Fine Motor Development in Toddlers
Feb 19, 2021 Amazingly, kids begin to develop fine motor movements as young as three-months-old! From three months until your child is a toddler, fine motor skills development will continue to progress.
Your child will progress from opening and closing their hand to writing their name with a pencil in preschool. But how do children develop fine motor skills?
In This Article
What are Fine Motor Skills?
Fine motor skills consist of the muscles and tendons in the hand and wrist used for a variety of everyday tasks related to self-care, eating, and writing. Such skills requiring fine motor movement include:
- Dressing with zippers, buttons, and ties;
- Brushing and flossing teeth;
- Writing, drawing, and painting;
- Using scissors;
- Eating with a fork, spoon, and knife;
- Drinking from a bottle, sippy cup, or cup.
All of these skills will develop for your child over time as his or her fine motor movement improves well beyond the toddler years. While most babies can tighten and relax their hands and shake a rattle by three months old, not all children develop at the same rate. Each child develops naturally at his or her own rate with fine motor movement. There is no good or bad development, just your own child’s personal development.
If you are concerned about your child’s fine motor development by the time they have reached preschool age, ALWAYS talk to your child’s pediatrician about it. Developmental coordination disorders affect 5 to 6 percent of school-aged children. Sometimes, a delay in fine motor development could signal a developmental coordination disorder. Here are some skills to keep in mind for working on fine motor skills.
Some Signs of a Developmental Coordination Disorder
- Trouble holding a writing utensil and using scissors
- Dropping objects frequently
- Difficulty holding objects like a toothbrush, spoon, and fork
- Inability to tie their shoes
To keep track of fine motor skills for your child, it’s a good idea to be aware of the average fine motor development milestones according to age.
Between the Age of 3 to 6-months-old
- Bring their hand to their mouth
- Open and close hands to make a fist
- Hold hands together
- Move a toy between their hands
- Hold and shake a toy with both hands (not just one hand)
From 6 to 12-months-old
- Start to grasp objects with a ‘raking’ motion
- Clench items with their hand
- Grasps a toy with two hands
- Points with their index finger
- Feeds self with finger foods
- Starts to grasp items using ‘pincer grip’ (thumb and index)
- Bangs objects together
- Holds toys one-handed
While it may seem like fine motor skills have developed quickly over a year, your child is just getting started!
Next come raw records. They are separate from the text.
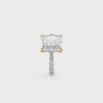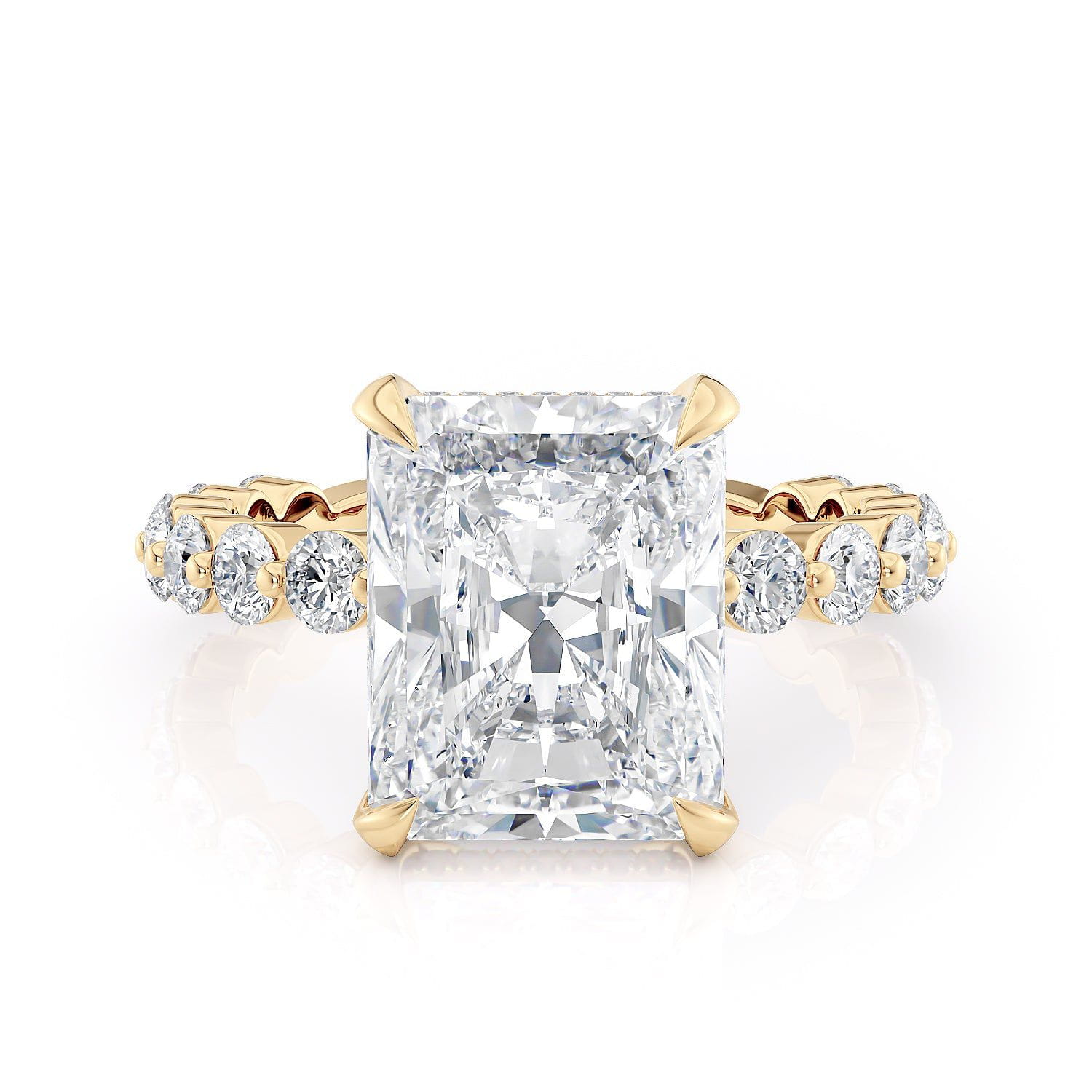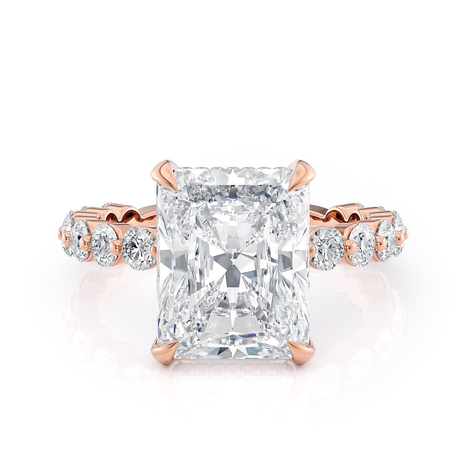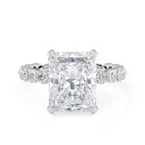 This stunning Crown R782-3 Radiant ring showcases timeless elegance, masterfully crafted to perfection. Boasting a brilliant 3 carat radiant-cut diamond, it is adorned by a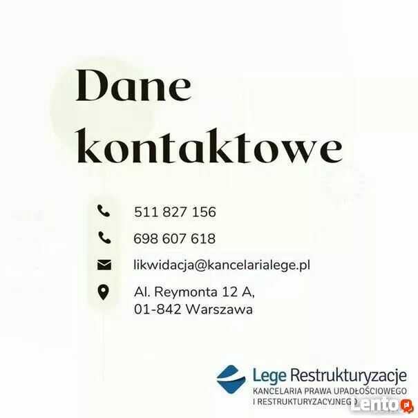 Oferty nabycia należy przesyłać na adres e-mail: likwidacja(małpa)kancelarialege.pl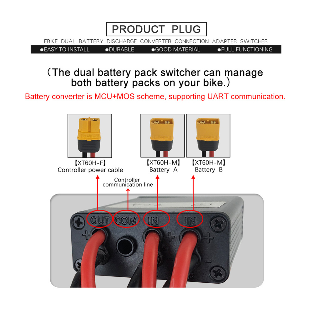 3.Electric Bicycle Ebike Dual Battery Discharge converter Connection Adapter Switcher Module Increase Battery Capacity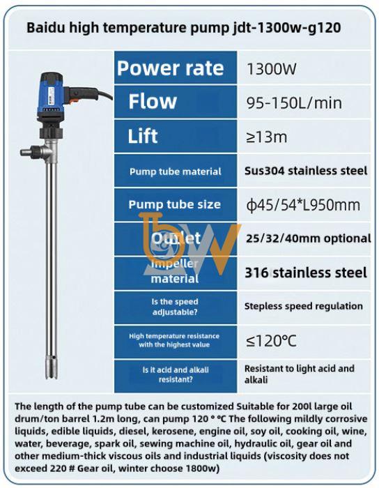 Bơm thùng phuy nhiệt độ cao JDT-1300W-G120 và cấu tạo ngăn rò rỉ điện

Once your child hits the one-year mark and beyond, those early fine motor skills develop into more complicated skills to help fuel independence with self-care tasks.
Between 12 and 24-months-old
- Build a tower using blocks
- Draw or scribble on paper
- Use a spoon for eating
- Turn one book page at a time
- Use a pincer grasp to hold a crayon
From 2 to 3-years-of-age
- Wash hands
- Use a spoon and fork for eating
- Zip and unzip clothes
- String beads on a thread
- Turn a doorknob
Between 3 and 4-years-old
- Button clothes
- Use safety scissors correctly
- Trace different shapes on paper
As you can see, the progression of fine motor skills builds upon itself naturally for your child. But remember that every child grows and develops at his or her own rate. You are probably wondering what you can do for your child’s first four years of development to help fine motor skills. Thankfully, there are many activities you can add to your child’s day to help develop these skills!
Six Easy Fine Motor Skill Activities
Tummy time: While your baby is doing his or her tummy time, place toys in front of your baby to encourage him/her to reach and grasp for toys.
Block stacking: Help your child under one stack blocks. Most children can stack two blocks together by 12-months-old.
Play-Doh: Your child can smash, roll, flatten, or use Play-Doh tools like small plastic scissors.
Hole punch: Help your child learn the grasp required for using a hole punch.
Painting: Start with finger painting, then work your child up to using paintbrushes.
Tweezers: Have your child use tweezers to pick up and organize small items like cotton balls or pom-poms.
Although developing fine motor skills in toddlers happens progressively and naturally as your child becomes older, fine motor milestones and activities still need to be accomplished. The activities above are easy to incorporate into young children’s daily schedules and will only help further their fine motor development in preparation for preschool and beyond.